A year ago the University of Illinois American Indian Studies program had seven core faculty members.
Post-Salaita, it’s down to two.
The UI’s decision to withdraw a job offer to Professor Steven Salaita last year after his provocative tweets about Israel prompted a nationwide boycott by many academic groups over concerns about free speech and academic freedom. Departments feared they would lose top colleagues or be unable to recruit new faculty.
Looking back, the impact appears to have varied by program.
The humanities did well overall in searches for this year, filling 20 of 23 positions advertised, according to Vice Provost Abbas Benmamoun.
“It’s true that last year we did a good job of recruitment, despite a lot of the things that were going on,” said Professor Martin Camargo, associate dean for humanities in the College of LAS.
What the numbers don’t show is who may have decided not to apply because of the controversy, Benmamoun said.
Two departments, history and Asian-American studies, also postponed faculty searches because of the Salaita controversy, though both are moving forward now, Camargo said.
The Department of History put off its search for a tenured U.S. history expert because of the American Historical Association’s “very strongly worded” letter blasting former Chancellor Phyllis Wise for the Salaita decision, said history Professor Antoinette Burton.
“That’s one of our main conduits for recruitment,” she said.
While new Ph.D.s looking for entry-level faculty positions may not have the flexibility to turn down humanities jobs, which aren’t “super abundant,” tenured faculty are harder to recruit, Camargo said. They may have families, established research groups or other factors that keep them in place.
The Department of History decided to go ahead with the search this year because of the importance of American history to the program, Burton said. One longtime American history professor recently retired, she said.

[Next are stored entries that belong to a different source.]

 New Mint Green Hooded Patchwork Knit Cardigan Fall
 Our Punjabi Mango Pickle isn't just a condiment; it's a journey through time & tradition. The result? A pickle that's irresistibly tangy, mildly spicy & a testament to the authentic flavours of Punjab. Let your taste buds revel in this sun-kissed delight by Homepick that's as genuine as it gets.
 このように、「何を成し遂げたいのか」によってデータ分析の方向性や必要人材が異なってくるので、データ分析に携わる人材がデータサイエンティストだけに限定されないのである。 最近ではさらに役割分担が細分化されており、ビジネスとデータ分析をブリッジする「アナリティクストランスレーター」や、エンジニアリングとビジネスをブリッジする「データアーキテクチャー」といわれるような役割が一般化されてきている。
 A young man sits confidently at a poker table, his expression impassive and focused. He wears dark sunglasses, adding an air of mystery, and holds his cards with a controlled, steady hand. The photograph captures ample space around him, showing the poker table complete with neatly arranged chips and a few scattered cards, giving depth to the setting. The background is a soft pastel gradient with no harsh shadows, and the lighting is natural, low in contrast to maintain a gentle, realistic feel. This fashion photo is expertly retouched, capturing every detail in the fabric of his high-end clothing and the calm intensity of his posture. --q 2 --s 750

On the other side of the ledger, senior faculty members were hired away from anthropology, Latina/o studies, English, philosophy, and Spanish and Portuguese this past year, though Camargo didn’t know how many of those were related to Salaita.
The American Indian Studies Program was “traumatized,” he said. The department lost two faculty members to the University of Minnesota, Vicente Diaz and his wife, Tina Delisle. The UI had to make counter-offers to retain two other professors, who asked to move to other UI departments where they had joint appointments, Camargo said. Professor Jodi Byrd is now in English and gender and women’s studies, and Professor Matt Gilbert moved to history.
The department is down to department head Robert Warrior, who was a finalist for a position at UCLA last spring, and a beginning assistant professor who started last year.
“That’s really a great shame,” Camargo said, citing the program’s national reputation.
Warrior said he is “ready and willing” to work with campus leaders to help them understand what it would take to rebuild the American Indian Studies Program. But it would be a complicated process, he said, given both the “Salaita fiasco” and the history of the program on campus.
“It can’t just happen tomorrow. There are steps the campus leadership needs to take to understand what happened to the program we had,” Warrior said.
With the recent censure from the American Association of University Professors, “even more of our competitors are likely to recruit other members of our faculty, and we will have a more difficult time retaining them if there are severe cuts in the university’s budget,” Camargo said.